After Thought

Unit of Work Part 1

with 4 comments

Quoting from Martin Fowler’s Patterns of Enterprise Application Architecture, “Unit of Work maintains a list of objects affected by a business transaction and coordinates the writing out of changes and the resolution of concurrency problems”.

This post delves into the details and implementation of Unit of Work based on Martin Fowler’s explanation of Unit of Work in his book. First, we will try to understand the Unit of Work concept, then implement a Unit of Work and finally, we will see how it can be effectively used in a sample application.

An application request can be atomic (affecting single business object) or composite in nature (affecting multiple business objects). It becomes even more tricky when a database has to be updated with these changes. If you imagine a scenario where a request updates multiple business objects, then the following questions arise.

  • Do you make multiple calls to the database to save each of the objects  ?
  • You save all of them together into the database ?

The main drawback of the former approach is that your request handler has to be database aware. It has to make multiple calls to database for each and every request and if there is any error in the process, rollback the changes. Other issues are having to keep the transaction open throughout the request and maintain referential integrity when saving the objects into the database.

The latter approach keeps track of all the business objects that were changed during a request and at the end of the request all the business objects that were changed are saved into the database. This may involve opening a transaction, committing the changes and then closing the transaction. For this approach to work, it needs someone to track the objects that were changed, managing transaction and committing the changes. This is exactly what Unit of Work is intended to do.

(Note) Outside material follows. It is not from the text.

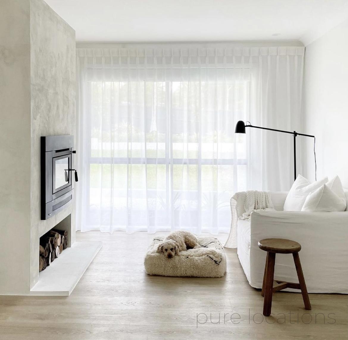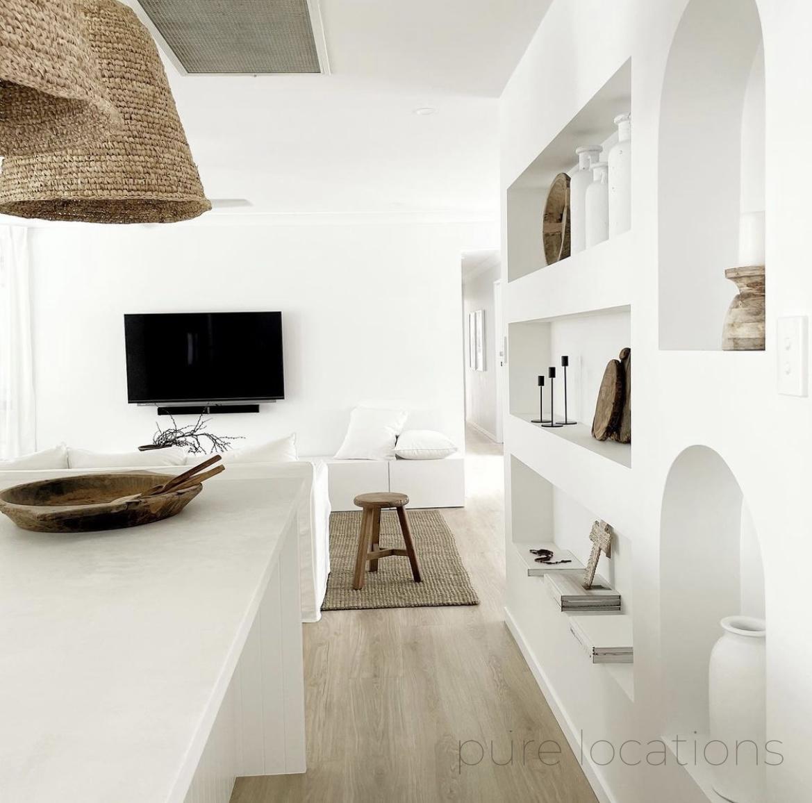 The Boho Chic design of Greenview House sets the scene for a bohemian-inspired photoshoot, TV commercial, or film production. The interior features a blend of modern amenities and rustic charm, including a feature wall, fireplace, and a newly renovated kitchen that boasts wicker pendants, a concrete benchtop, brass hardware, and custom-designed arch niches.

Unit of Work keeps track of all the objects that are changed during a request, open a transaction, save the business objects in to the database and then close the transaction. In case of error, rollback all the changes. By doing this, it also accomplishes another important aspect of development - separation of concern which will be discussed in detail in part 2. Thus, the developer need not worry about persisting business objects into the database or dealing with database calls.

Before we go and implement our own Unit Of Work, let us see if there is already something out there that we can use. ISession in NHibernate represents the conversation between application and the database. ISession is just a container for Unit of Work that keeps track of objects that are changed during a request.

To leverage the Unit of Work in ISession, let us go ahead and implement ISessionContainer that wraps an ISession.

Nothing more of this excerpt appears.